I have a 2D map which wraps at the edges. So if you move off the right edge you will reappear at the left side of the map. Likewise with the three other edges.
This is inheritable a problem for the KDTree which I use to find elements in range of points. Normally you would check whether the hyper sphere collides with the hyper plane to see if you should continue searching the other side of the tree, but this check does not work with wrapping edges.

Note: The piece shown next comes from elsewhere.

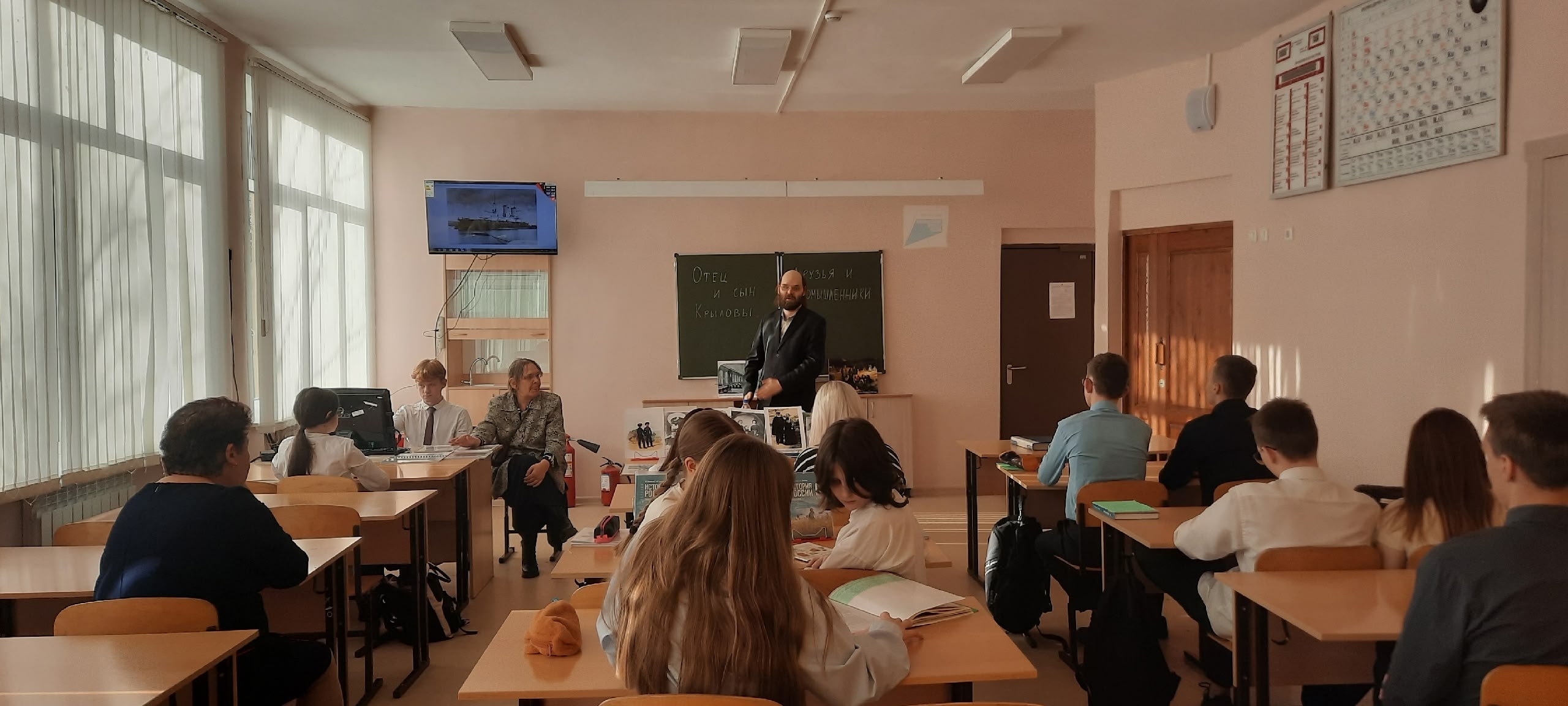В ходе лекции были представлены редкие архивные материалы и фотографии, иллюстрирующие жизнь и деятельность семьи Крыловых. Обучающиеся 9 а класса проявили живой интерес к представленной информации, ведь она имеет тесную связь с пройденным материалом по предмету «история» в 9 классе.

Is there any way to modify the KD Tree to work with donut 2D spaces?
The data structure doesn't have to change, but the search procedure does. Represent each point by coordinates (x, y) in [0, w) * [0, h), where w is the width of the map, h is the height, and * denotes a Cartesian product. Store these points in a normal KD tree.
The fundamental primitive for searching a KD tree is, given a point (x, y) and a rectangle [a, b] * [c, d], determine the distance (squared) from the point to the rectangle. Normally this is g(x, a, b)2 + g(y, c, d)2, where
g(z, e, f) = e - z if z < e
0 if e <= z <= f
z - f if f < z
is the one-dimensional distance of z to [e, f]. In a toroidal space, we modify g slightly to account for wraparound.
g(z, e, f, v) = min(e - z, (z + v) - f) if z < e
0 if e < z < f
min(z - f, (e + v) - z) if f < z.
and the distance squared is g(x, a, b, w)2 + g(y, c, d, h)2. I expect that the running times will be comparable for this variant. (I'd redo the recurrences, but the worst-case for regular KD trees is much worse than practice most of the time - O(n1/2) for identifying the nearest neighbor in 2D among n points.)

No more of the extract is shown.